▸ SUPPLIED DATA

----

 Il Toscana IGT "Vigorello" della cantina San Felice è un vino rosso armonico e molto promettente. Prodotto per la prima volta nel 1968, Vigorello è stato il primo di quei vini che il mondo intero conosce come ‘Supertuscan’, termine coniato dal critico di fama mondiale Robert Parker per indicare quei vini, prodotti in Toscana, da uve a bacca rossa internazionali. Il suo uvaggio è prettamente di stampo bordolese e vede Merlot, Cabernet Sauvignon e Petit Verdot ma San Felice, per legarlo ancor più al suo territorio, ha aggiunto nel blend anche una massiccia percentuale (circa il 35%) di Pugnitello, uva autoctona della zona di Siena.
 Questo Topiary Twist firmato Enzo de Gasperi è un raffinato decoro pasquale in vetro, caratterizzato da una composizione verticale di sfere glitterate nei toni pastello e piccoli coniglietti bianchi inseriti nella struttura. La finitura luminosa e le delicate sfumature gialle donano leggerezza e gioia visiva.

----

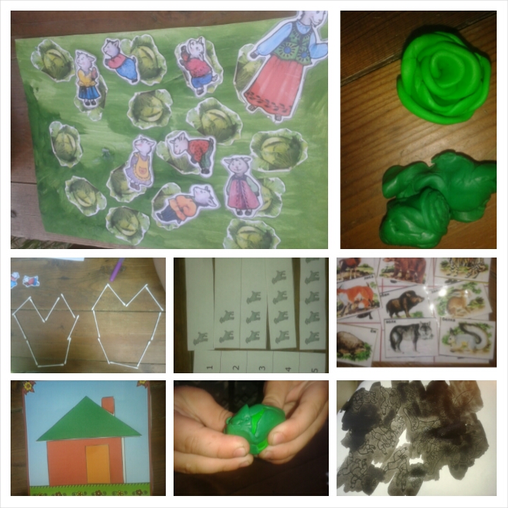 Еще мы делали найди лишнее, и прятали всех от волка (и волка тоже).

----

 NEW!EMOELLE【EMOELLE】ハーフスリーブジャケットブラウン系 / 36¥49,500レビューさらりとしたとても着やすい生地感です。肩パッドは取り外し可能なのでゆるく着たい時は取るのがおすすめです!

----

▸ WHAT NEEDS TO BE DONE
For this exercise, please output exactly the lines above starting at the line with "Il Toscana IGT" and ending at the line with "Questo Topiary Twist", ends included.

▸ TASK ANSWER
 Il Toscana IGT "Vigorello" della cantina San Felice è un vino rosso armonico e molto promettente. Prodotto per la prima volta nel 1968, Vigorello è stato il primo di quei vini che il mondo intero conosce come ‘Supertuscan’, termine coniato dal critico di fama mondiale Robert Parker per indicare quei vini, prodotti in Toscana, da uve a bacca rossa internazionali. Il suo uvaggio è prettamente di stampo bordolese e vede Merlot, Cabernet Sauvignon e Petit Verdot ma San Felice, per legarlo ancor più al suo territorio, ha aggiunto nel blend anche una massiccia percentuale (circa il 35%) di Pugnitello, uva autoctona della zona di Siena.
 Questo Topiary Twist firmato Enzo de Gasperi è un raffinato decoro pasquale in vetro, caratterizzato da una composizione verticale di sfere glitterate nei toni pastello e piccoli coniglietti bianchi inseriti nella struttura. La finitura luminosa e le delicate sfumature gialle donano leggerezza e gioia visiva.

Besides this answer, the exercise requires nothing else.